(WHAT YOU WILL DO): Skip the images and copy each record exactly as written.

--- INPUT Enclosed Below ---

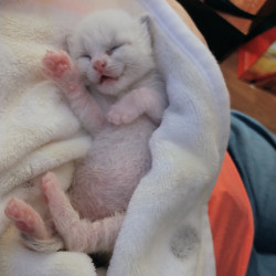 I got Luna & 2 siblings at 3 days old and bottlefed them.She is the only survivor from that litter of 5. My little miracle.
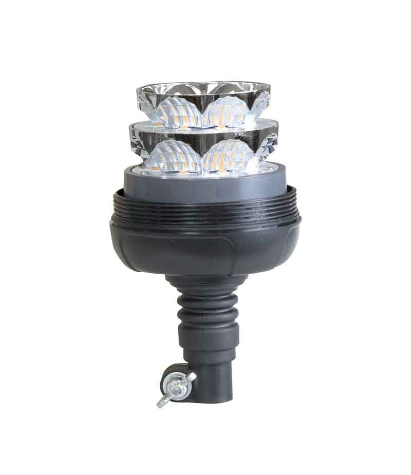 Lampeggiante a LED FABRILCAR, con profilo alto. La sua caratteristica sta nelle diverse tipologie di luce: luce rotante, flash singolo, doppio e flash di tipo veloce. Ha un consumo di soli 12W una resistenza agli agenti atmosferici IP67. Tra le sue qualità annovera le certificazioni: ADR zone 2, ER10, ER65 (solo con funzione rotante) e EMC. Può funzionare con voltaggi che vanno da 9 a 30V e temperature tra -30 e +50°. Viene fornito con connessione asta DIN flex.
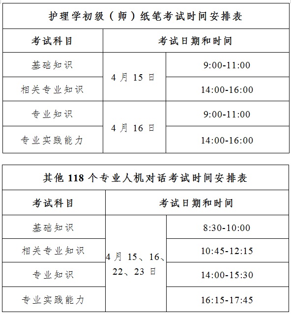 2023年護(hù)理學(xué)初級(師)專業(yè)采用紙筆作答方式進(jìn)行考試,其他118個專業(yè)采用人機對話方式進(jìn)行考試,具體安排如下:
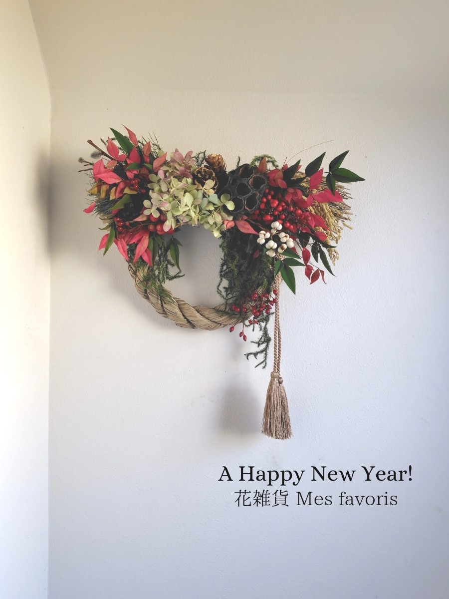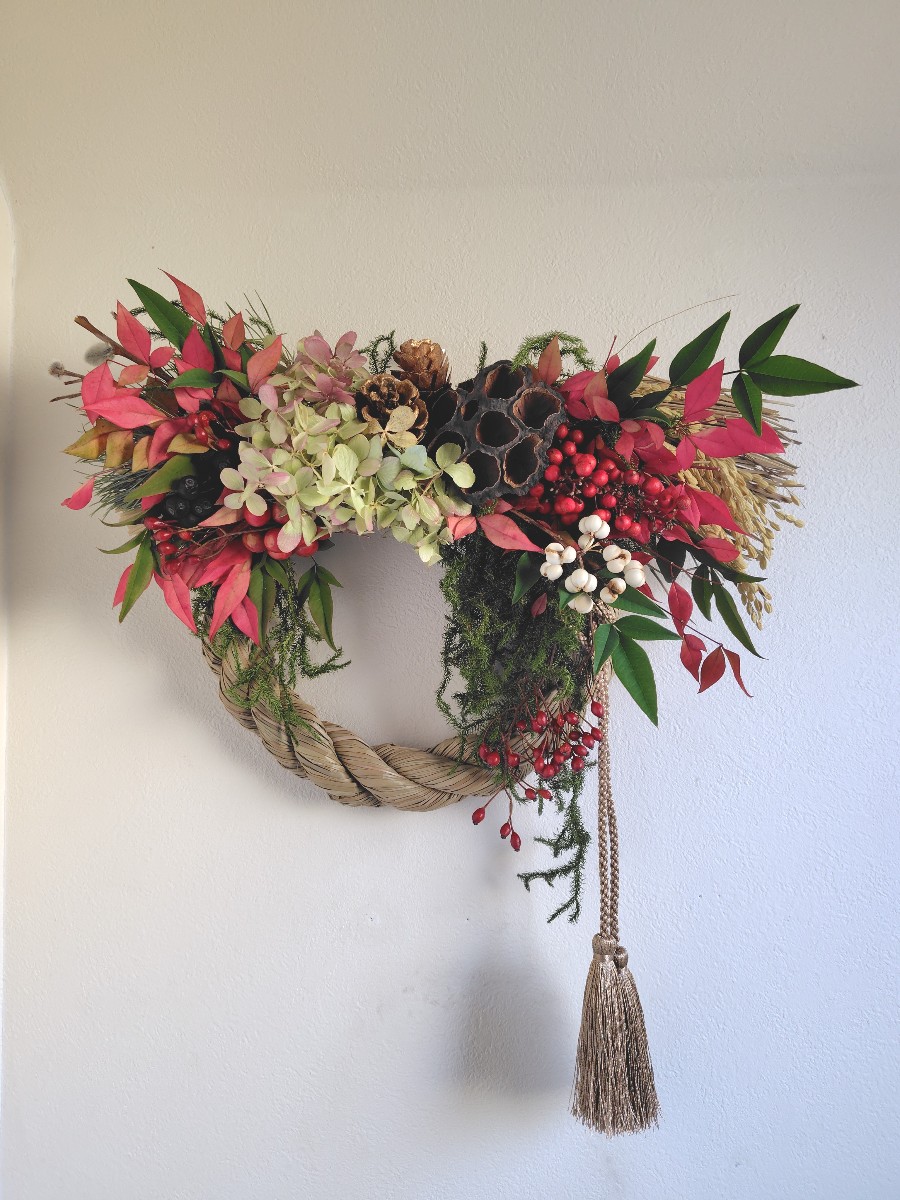 松、南天、紫陽花など、縁起の良い植物で作ったしめ飾りです。
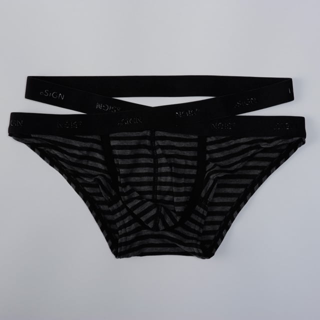 ウエストのゴムをフロントでクロスさせ、バックのゴムを2重に見せるデザインが特徴のビキニです。
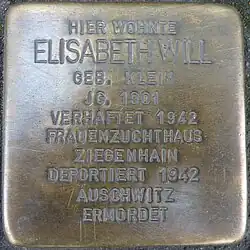 - Am 12. Februar 2009 wurden für Elisabeth und Heinrich Will vor dem Haus Friedrichstraße 8 in Gießen Stolpersteine durch den Kölner Künstler Gunter Demnig verlegt.

--- End of Enclosed INPUT ---

(REPLY):
 I got Luna & 2 siblings at 3 days old and bottlefed them.She is the only survivor from that litter of 5. My little miracle.
 Lampeggiante a LED FABRILCAR, con profilo alto. La sua caratteristica sta nelle diverse tipologie di luce: luce rotante, flash singolo, doppio e flash di tipo veloce. Ha un consumo di soli 12W una resistenza agli agenti atmosferici IP67. Tra le sue qualità annovera le certificazioni: ADR zone 2, ER10, ER65 (solo con funzione rotante) e EMC. Può funzionare con voltaggi che vanno da 9 a 30V e temperature tra -30 e +50°. Viene fornito con connessione asta DIN flex.
 2023年護(hù)理學(xué)初級(師)專業(yè)采用紙筆作答方式進(jìn)行考試,其他118個專業(yè)采用人機對話方式進(jìn)行考試,具體安排如下:
 松、南天、紫陽花など、縁起の良い植物で作ったしめ飾りです。
 ウエストのゴムをフロントでクロスさせ、バックのゴムを2重に見せるデザインが特徴のビキニです。
 - Am 12. Februar 2009 wurden für Elisabeth und Heinrich Will vor dem Haus Friedrichstraße 8 in Gießen Stolpersteine durch den Kölner Künstler Gunter Demnig verlegt.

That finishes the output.